- _Provided entries_
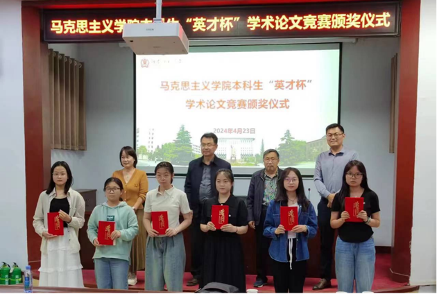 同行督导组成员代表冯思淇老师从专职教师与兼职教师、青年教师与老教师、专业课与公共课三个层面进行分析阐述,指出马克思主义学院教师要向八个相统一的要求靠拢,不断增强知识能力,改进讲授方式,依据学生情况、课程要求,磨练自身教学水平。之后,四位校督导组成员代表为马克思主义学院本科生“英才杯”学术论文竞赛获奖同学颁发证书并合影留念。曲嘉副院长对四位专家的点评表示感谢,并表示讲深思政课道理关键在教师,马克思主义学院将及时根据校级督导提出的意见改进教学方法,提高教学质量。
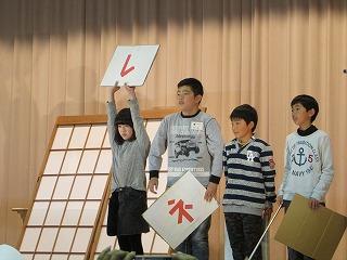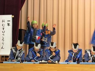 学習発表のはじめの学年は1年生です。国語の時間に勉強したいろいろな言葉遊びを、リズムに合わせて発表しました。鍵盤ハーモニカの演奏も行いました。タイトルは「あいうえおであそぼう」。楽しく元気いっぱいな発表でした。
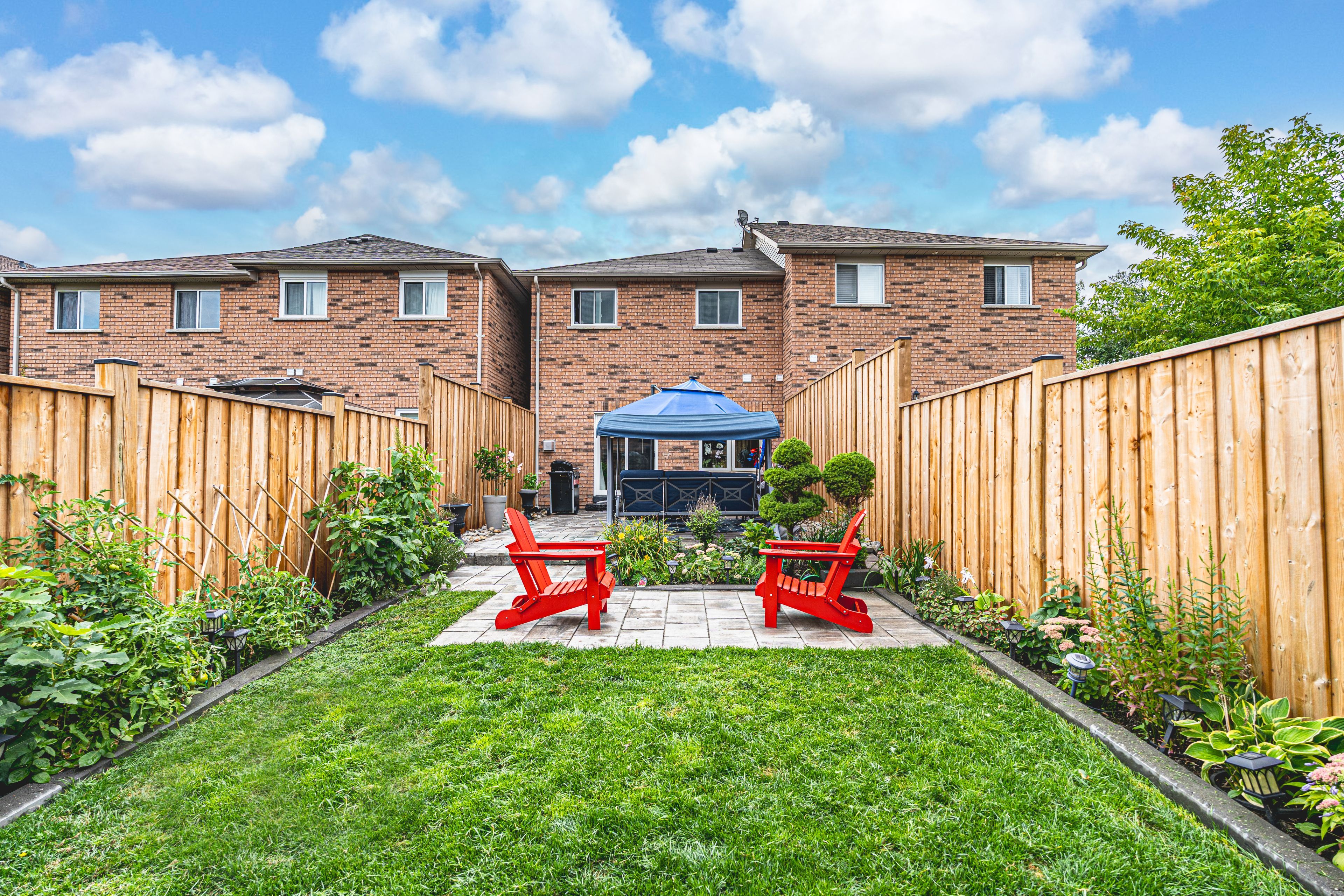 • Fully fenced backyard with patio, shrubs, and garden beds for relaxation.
==
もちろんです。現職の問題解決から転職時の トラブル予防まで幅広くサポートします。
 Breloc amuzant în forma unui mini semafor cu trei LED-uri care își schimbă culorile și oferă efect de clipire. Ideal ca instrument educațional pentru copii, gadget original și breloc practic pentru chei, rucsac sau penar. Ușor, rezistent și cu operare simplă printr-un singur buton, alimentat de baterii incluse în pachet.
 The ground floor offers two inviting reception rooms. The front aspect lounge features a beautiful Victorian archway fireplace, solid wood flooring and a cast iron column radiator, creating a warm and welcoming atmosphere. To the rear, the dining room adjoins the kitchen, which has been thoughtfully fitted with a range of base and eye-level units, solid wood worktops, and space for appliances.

- _Brief_
From the records above, give again exactly the lines running from the line with "Breloc amuzant în" to the line with "The ground floor", inclusive.

- _Answer below_
 Breloc amuzant în forma unui mini semafor cu trei LED-uri care își schimbă culorile și oferă efect de clipire. Ideal ca instrument educațional pentru copii, gadget original și breloc practic pentru chei, rucsac sau penar. Ușor, rezistent și cu operare simplă printr-un singur buton, alimentat de baterii incluse în pachet.
 The ground floor offers two inviting reception rooms. The front aspect lounge features a beautiful Victorian archway fireplace, solid wood flooring and a cast iron column radiator, creating a warm and welcoming atmosphere. To the rear, the dining room adjoins the kitchen, which has been thoughtfully fitted with a range of base and eye-level units, solid wood worktops, and space for appliances.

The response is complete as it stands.